Historic arts center in Virginia, US

The Attucks Theatre is a historic theatre located in Norfolk, Virginia. The theatre was financed, designed and constructed by African American entrepreneurs in 1919, and was designed by Harvey Johnson, an African-American architect. The theatre was named in honor of Crispus Attucks, an African American who was the first patriot to lose his life in the Revolutionary War. When it was first opened, Attucks Theatre was known as the "Apollo Theatre of the South". The theater has hosted numerous famous entertainers throughout the early-to-mid-20th century, including Duke Ellington, Cab Calloway, Ella Fitzgerald, Red Foxx, and Louis Armstrong, as well as local stars such as Norfolk's Gary U.S. Bonds and Portsmouth's Ruth Brown.
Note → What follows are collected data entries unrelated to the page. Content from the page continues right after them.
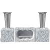 【お墓用】花立S-S39 ミニ香炉セット お墓用 高級白御影石の花立とステンレス製 花筒1対(2本)+ミニ香炉(線香皿付き)【工事不要】置くだけ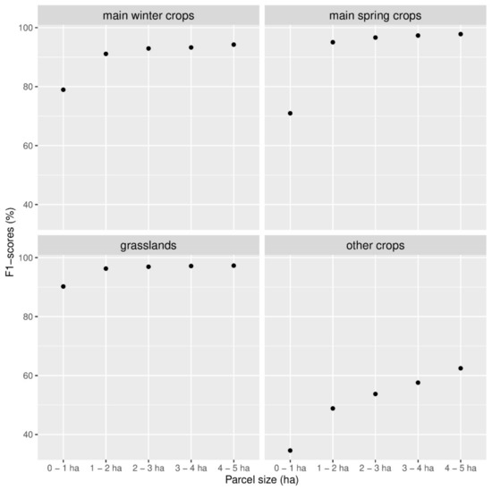Table 2) are considered as misclassified in the validation set. However, this has a negligeable effect on the scores since they represent 0.007% of the parcels (0.0001% in terms of area).
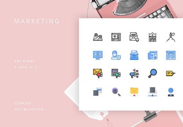 图穷联素材库 » 200个营销推广宣传电子商务购物矢量轮廓图标集Marketing
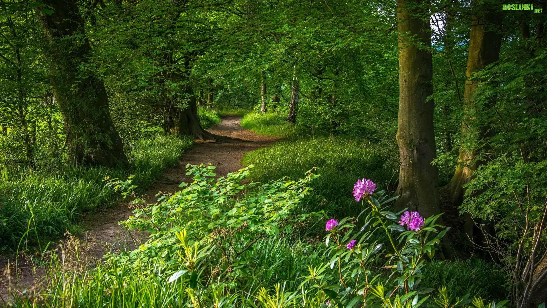 Rośliny: Park, Ścieżka, Drzewa, Rośliny, Kwiaty, Różanecznik

The theater was added to the National Register of Historic Places on September 16, 1982. After a three-year restoration, the theatre reopened in 2004 as a partnership between the City of Norfolk's Department of Cultural Facilities and the Crispus Attucks Cultural Center. Performers at the theatre since its reopening have included Wynton Marsalis and Audra McDonald.

The theatre is located at the intersection of Church Street and Virginia Beach Boulevard, near Norfolk's entertainment and cultural attractions, including Harbor Park, Harrison Opera House, Norfolk Scope, Wells Theatre and Waterside.